Senator Elaine Alquist
Resolution Change 57 – 100% Yes Zero – No (http://www.leginfo.ca.gov/cgi-bin/postquery?bill_number=sjr_20&sess=CUR&house=B&author=alquist)
We will identify ourselves as the original group that worked with Senior Senator Ann Mack to develop the legislation that became SJR 20. We had a four-fold purpose:
1. Increase property tax revenue substantially over time without a direct confrontation with Prop 13. We expect this would occur because senior couples over age 65 would have a capital gains tax barrier to selling their homes removed. We believe their moving might cause a new buyer, paying current market value property taxes, to then occupy the home. The larger purpose, however, was the one listed below.
2. Overcoming a huge inequity for elderly taxpayers only, which is the Federal unfairness in application of the ‘Step-Up-Basis-at-First-Death’ (no matter what age.) By allowing all seniors over 65 to sell their primary residence and pay no capital gains, they would receive the same capital gains tax treatment given to surviving spouses. Since surviving spouses pay no capital gains in immediately selling their primary residence, whereas couples face a large capital gains over the $250,000 per person exemption, couples are second-class taxpayers to surviving spouses. We were primarily attempting to resolve that inequity!
3. Stimulate home real estate sales among seniors in middle to upper class neighborhoods
4. Free up billions of capital that is currently locked-up
The three professionals that recommended the original legislation have graduate degree and over 100 years estate tax planning experience. We focused on three pieces of legislation that keep seniors in their homes. Most importantly, how to get around Prop 13:
1. Marital deduction
2. ‘Step-Up-Basis-at-First-Death’ and
3. Prop 13 are all tools used by savvy estate tax planners to keep homeowners to partially avoid income taxes and in some cases avoid capital gains completely using the ‘Step-Up-Basis-at-First-Death’ which keeps the elderly locked in their homes. And besides, it’s a smart tax move to stay put. As a result, neighborhoods are less homogenous. When an elderly couple is paying $2,500 per year in property taxes while a close neighbor is paying $36,000, something should be done to incentivize the $2500 a year to move on before one of them dies…. Common sense.
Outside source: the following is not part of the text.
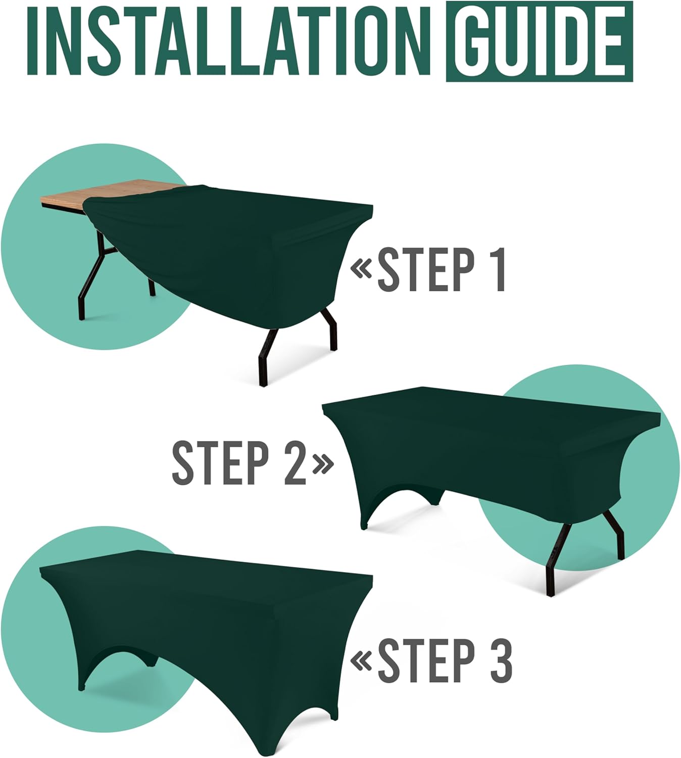- Snug Fit with Reinforced Pockets: Designed for a 6-foot table (72"L x 30"W x 30"H), this 2-way stretch spandex cover features reinforced leg pockets to ensure a secure, professional look that won’t slip or ride up.

Senator Alquist, the new revised SJR-20 simply creates another class of taxpayer (those purchasing long-term care insurance) that turns into an insurance subsidy requiring home buyers to purchase long-term care in order to get a capital gains break. Does that make sense?
How does your new insurance legislation motivate seniors to sell their home that results in an increase in property tax revenue? You’ve added another reason for them to stay. There are three reasons to stay:
o Prop 13 low tax rates
o Purchase long-term care insurance to get a limited capital gain tax break in the future. It looks like another special interest complication to the tax code.
Of course, all three of the stay-at-home pieces of legislation create target customers for the huge, very profitable reverse mortgage industry and the new Equity Key. I thought the banking group would be our primary objectors. I admit the insurance twist was a surprise, but no threat to BofA or Wells Fargo, the largest purveyor of reverse mortgages.
Please explain how we got to a simple direct piece of legislation proposed through the Senior Senate to a piece that will cost seniors money for long-term care insurance they may never use to get a low tax break. We were given no notice that this change was being considered, yet were known and on information contact lists. How can we or the public have any trust in the system?
There is no way our group could recommend a piece of legislation so blatantly planned to help the insurance industry further locking in seniors, and create another reason to limit property tax increases. The result is worthless legislation.